Sunday 17 June 2007

The pursuit of happiness is based on lies

Hey everyone, get yourself a new car - you'll feel so much better! You can't afford it? No problem, we'll fix you up with our financial adviser who will talk of the various ways you can own your very own car without paying for it in one lump sum! The interest is higher than a bank account but it's lower than a mortgage and at the end we'll only make about 10% profit on you.

Or why don't you go on a holiday? Take yourself to Sicily, Barbados, Amsterdam or even Cannes for a couple of weeks. Go on - you can do it! Yes you can! Bah, don't worry about money - we'll sell you a deal unbeatable anywhere else! Too much time off in one go? Worry about that afterwards! What you need is a holiday, my friend!

Have you got the TV everyone else has? No? your model too old? Well then: come to our superstore and we'll sell you one that not only everyone else doesn't have, they won't have it for several years! And we'll make sure you've got TV in digital as well! Yes, digital TV is the future - no, it's the present too, and you should be in on it. If you're not, you must still be watching the pictures in analogue, and that's so nineties. We're all watching the TV on plasma these days, where you can watch the stars without pixels!

Have you got a supermarket fidelity card? If not, you may be missing out on deals you surely should be part of - you can get 10 cents off every bottle of ketchup you buy after your fourth purchase! You could be getting ads sent to you telling you about our deals year-round! You could be the winner of our fidelity card lottery! A winner every day! Umbrellas, toasters, freezer foods, ready-made meals, fizzy drinks and so much more to be won! We guarantee you'll be so much more contented with our bargains than any other superstore in the land! Collect our tokens to save up to 50 euro per year!

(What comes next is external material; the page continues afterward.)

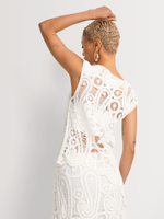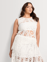 Our Sleeveless Crochet Shell Top is giving elevated beachy vibes. Wear this on-trend top with the matching crochet skirt for a cute co-ord set. Add strappy heels and a mini bag.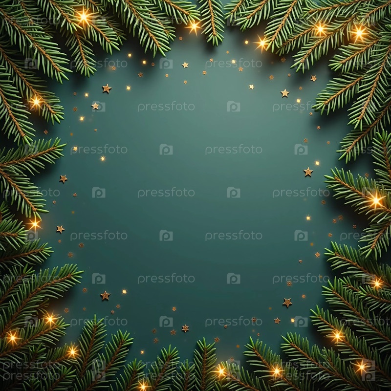Еловые ветки обрамляют спокойный зеленый фон, украшенный золотыми украшениями и звездами, создавая теплую, уютную атмосферу, идеально подходящую для праздничных торжеств и праздников. Генеративный ИИ

Is your house insured against fire? And theft, adverse weather conditions, children, bad workmanship or vandals? If not, call us to arrange a free estimation. We'll send along a highly qualified expert to tell you what could happen to you if you don't! We have all kinds of deals available to homeowners and renters alike and we guarantee money back if nothing happens to you! But we'll keep your place safe - we'll also advise you on how to reduce your insurance bills by purchasing alarms, roof protection, shutters and vandal-proof paint! We promise you'll feel the safest person in your neighbourhood!

Oh please, shut up!

Can I buy happiness? Nope. Can I buy health? No. As long as I've got a roof over my head and food on the table, none of the other stuff should matter.

Oh but it does. You wouldn't believe the amount of adult people I make contact with who are fascinated by all the latest technology, all the best deals and who religiously save up all the tokens for the supermarkets, even going to a different supermarket to get a cheaper deal on one item of food than another. I have contact with individuals who don't fail to tell me about where they bought their new suit, sunglasses or mobile phone. Does it really matter? I have one I like - is it important how much it cost and where it came from?

I'd rather have my happiness than a new gadget. But even then, I find it hard not to conform. I have a lot of bills each month, mainly household, but even then certain bills I get are rather useless, to say the least. But I have to pay them because we're all tricked into thinking that we need them.

Recently I've lambasted bad parenting, attacked public transport, gone crazy over bad mannered kids, so before you think I'm exaggerating by turning my anger on the consumer market, I'll shut up now and go and watch the US Grand Prix on my super-deluxe, home cinema complex with digital surround sound and a million colours.

I'm lying of course - it's a TV with a remote control. Do I need anything else to watch TV? You tell me!